Task item: After finding "The high ceilings" in the material below, output its line and every line after it through the last, exactly, but not the pictures.

Data provided:
____________________

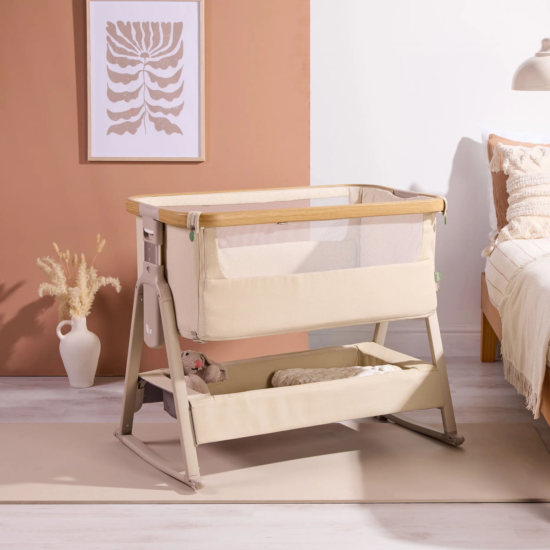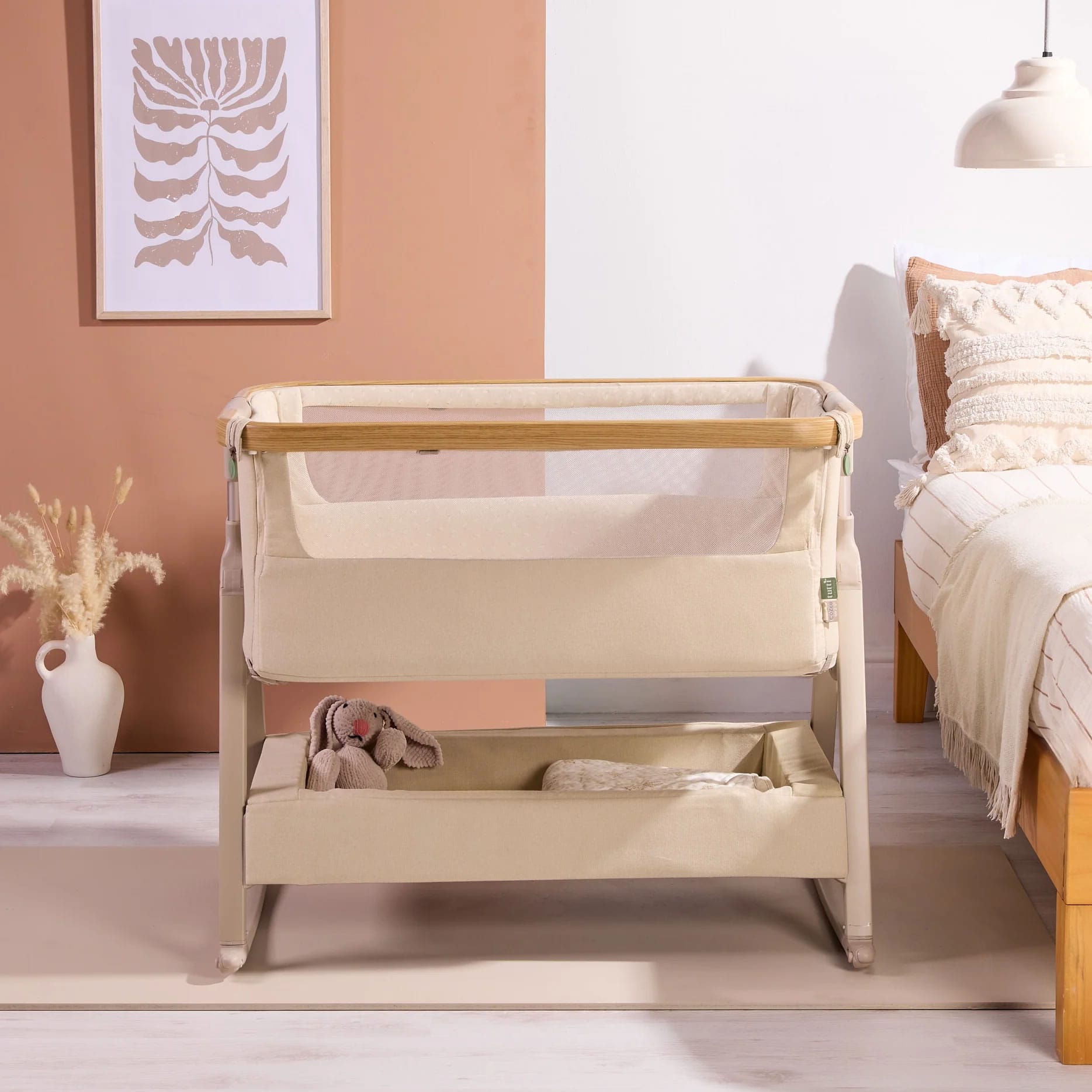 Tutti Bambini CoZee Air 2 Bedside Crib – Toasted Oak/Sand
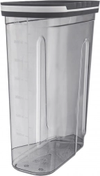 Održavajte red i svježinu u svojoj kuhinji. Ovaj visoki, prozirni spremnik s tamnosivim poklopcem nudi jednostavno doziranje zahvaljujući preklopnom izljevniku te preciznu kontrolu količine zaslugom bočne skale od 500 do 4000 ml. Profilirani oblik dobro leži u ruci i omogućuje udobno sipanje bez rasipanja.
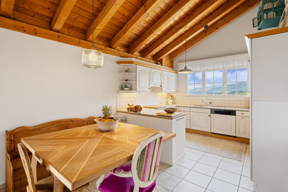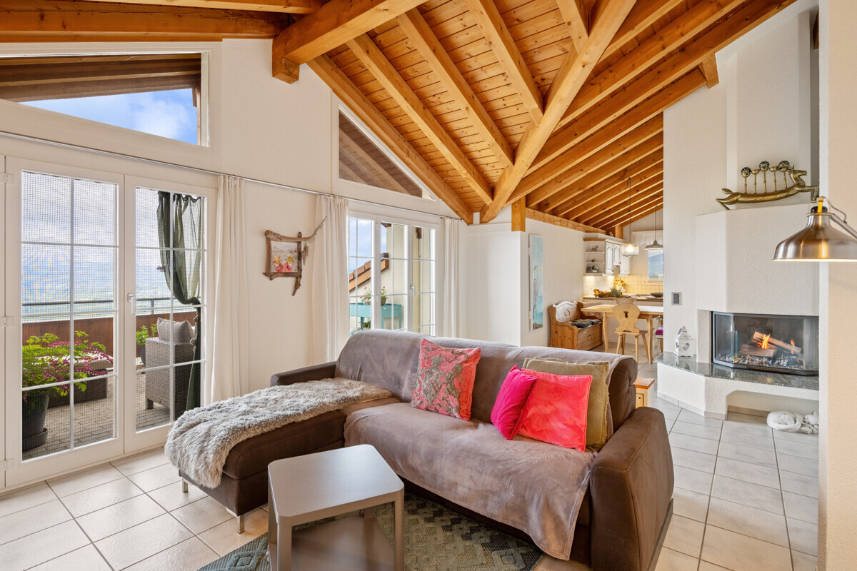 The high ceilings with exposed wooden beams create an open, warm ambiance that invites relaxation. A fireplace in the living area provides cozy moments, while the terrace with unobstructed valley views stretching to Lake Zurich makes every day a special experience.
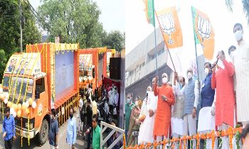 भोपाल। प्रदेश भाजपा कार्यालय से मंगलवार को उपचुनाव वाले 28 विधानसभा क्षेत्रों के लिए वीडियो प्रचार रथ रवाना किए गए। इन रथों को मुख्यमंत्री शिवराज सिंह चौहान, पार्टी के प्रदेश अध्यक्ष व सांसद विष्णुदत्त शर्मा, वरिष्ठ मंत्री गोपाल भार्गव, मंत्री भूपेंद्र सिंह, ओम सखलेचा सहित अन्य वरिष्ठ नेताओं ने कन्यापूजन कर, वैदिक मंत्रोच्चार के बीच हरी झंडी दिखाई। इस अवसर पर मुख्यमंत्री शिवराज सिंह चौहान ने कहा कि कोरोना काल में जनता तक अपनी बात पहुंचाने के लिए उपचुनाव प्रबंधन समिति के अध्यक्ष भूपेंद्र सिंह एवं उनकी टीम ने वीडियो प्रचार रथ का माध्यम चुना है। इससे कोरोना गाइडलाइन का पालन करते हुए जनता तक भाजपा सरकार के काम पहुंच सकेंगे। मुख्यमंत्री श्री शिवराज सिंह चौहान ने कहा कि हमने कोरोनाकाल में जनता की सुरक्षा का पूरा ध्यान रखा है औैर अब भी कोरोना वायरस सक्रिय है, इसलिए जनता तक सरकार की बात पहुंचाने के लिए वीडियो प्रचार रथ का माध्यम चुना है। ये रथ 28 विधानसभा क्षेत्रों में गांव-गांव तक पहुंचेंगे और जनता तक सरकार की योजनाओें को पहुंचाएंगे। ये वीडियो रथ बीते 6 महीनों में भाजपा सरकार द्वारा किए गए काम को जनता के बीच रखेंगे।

____________________

Result of this exercise:
 The high ceilings with exposed wooden beams create an open, warm ambiance that invites relaxation. A fireplace in the living area provides cozy moments, while the terrace with unobstructed valley views stretching to Lake Zurich makes every day a special experience.
 भोपाल। प्रदेश भाजपा कार्यालय से मंगलवार को उपचुनाव वाले 28 विधानसभा क्षेत्रों के लिए वीडियो प्रचार रथ रवाना किए गए। इन रथों को मुख्यमंत्री शिवराज सिंह चौहान, पार्टी के प्रदेश अध्यक्ष व सांसद विष्णुदत्त शर्मा, वरिष्ठ मंत्री गोपाल भार्गव, मंत्री भूपेंद्र सिंह, ओम सखलेचा सहित अन्य वरिष्ठ नेताओं ने कन्यापूजन कर, वैदिक मंत्रोच्चार के बीच हरी झंडी दिखाई। इस अवसर पर मुख्यमंत्री शिवराज सिंह चौहान ने कहा कि कोरोना काल में जनता तक अपनी बात पहुंचाने के लिए उपचुनाव प्रबंधन समिति के अध्यक्ष भूपेंद्र सिंह एवं उनकी टीम ने वीडियो प्रचार रथ का माध्यम चुना है। इससे कोरोना गाइडलाइन का पालन करते हुए जनता तक भाजपा सरकार के काम पहुंच सकेंगे। मुख्यमंत्री श्री शिवराज सिंह चौहान ने कहा कि हमने कोरोनाकाल में जनता की सुरक्षा का पूरा ध्यान रखा है औैर अब भी कोरोना वायरस सक्रिय है, इसलिए जनता तक सरकार की बात पहुंचाने के लिए वीडियो प्रचार रथ का माध्यम चुना है। ये रथ 28 विधानसभा क्षेत्रों में गांव-गांव तक पहुंचेंगे और जनता तक सरकार की योजनाओें को पहुंचाएंगे। ये वीडियो रथ बीते 6 महीनों में भाजपा सरकार द्वारा किए गए काम को जनता के बीच रखेंगे।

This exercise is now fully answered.